Page 12: Summing up the early internet

Jon Postel

• "Be conservative in what you do, be liberal in what you accept from others."

Page 13: Summing up the early internet

Richard Stallman

• What does society need? It needs information that is truly available to its citizens—for example, programs that people can read, fix, adapt, and improve, not just operate.

• Society also needs freedom.

• And, above all, society needs to encourage the spirit of voluntary cooperation in its citizens.

Page 14: Summing up the early internet

John Perry Barlow

• Governments of the Industrial World, you weary giants of flesh and steel, I come from Cyberspace, the new home of Mind. On behalf of the future, I ask you of the past to leave us alone. You are not welcome among us. You have no sovereignty where we gather.

Page 15: Summing up the early internet

The Internet is thus in conflict with…

• Property rights (copying/sharing is inherent to computers; making a copy does not equal taking a physical object)

• Governments that try to interfere with it.• What else?• Do you agree?

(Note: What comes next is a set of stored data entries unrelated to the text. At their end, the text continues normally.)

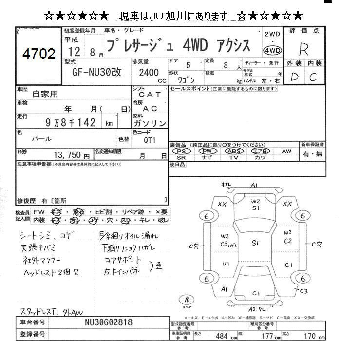 NISSAN PRESAGE 4WD AXIS - лот 4702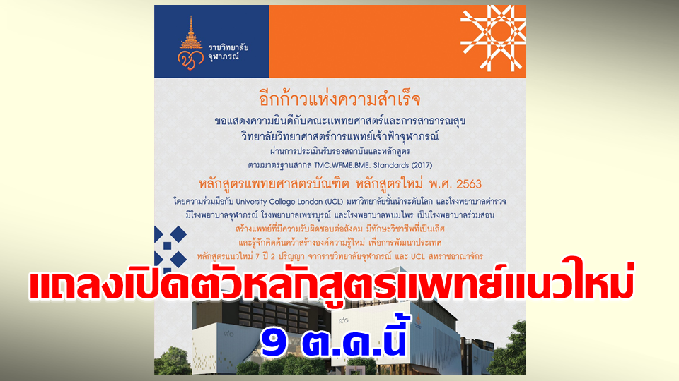ราชวิทยาลัยจุฬาภรณ์ เตรียมเปิดตัวหลักสูตรแพทยศาสตรบัณฑิตแนวใหม่ครั้งแรกในประเทศไทยเรียน 7ปี รับ 2 ปริญญา โดยความร่วมมือกับ University College London (UCL) มหาวิทยาลัยชั้นนำระดับโลก และ รพ.ตำรวจ พร้อมสร้างแพทย์ที่มีความรับผิดชอบต่อสังคม มีทักษะวิชาชีพที่เป็นเลิศและรู้จักคิด ค้นคว้าสร้างองค์ความรู้ใหม่ สนองพระปณิธานใน ศาสตราจารย์ ดร.สมเด็จพระเจ้าน้องนางเธอ เจ้าฟ้าจุฬาภรณวลัยลักษณ์ อัครราชกุมารี กรมพระศรีสวางควัฒน วรขัตติยราชนารี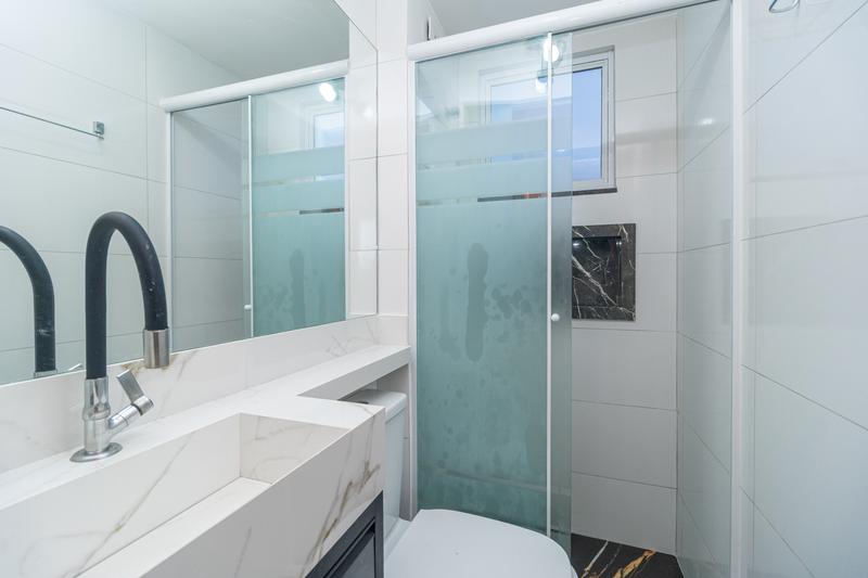 Dispõe de banheiro com armário, espelho e box em vidro, além de 2 quartos, sendo um com espaço para closet.

Page 16: Summing up the early internet

First blog post due Feb 1

• Your post should be based on the readings for Jan. 25 and Jan. 30 in the syllabus. Your post should be about 500 words. Either:

a) summarize at least one of the key arguments made in those readings and analyze and evaluate that argument, explaining why you agree or disagree with it, using relevant material from those readings, class discussion, or your own work, experiences and/or research; or

Page 17: Summing up the early internet

b) explore this question: what are the default behaviors and traditional practices exposed and potentially disrupted by the new culture made possible by the emergence of the Internet. Treat this as establishing a baseline where you are essentially saying what you think now about these issues. At the end of the semester it will be useful for you to go back and see how your views may have changed or been expanded.

• Creativity, use of relevant outside sources, and compelling arguments will all improve how these posts are graded.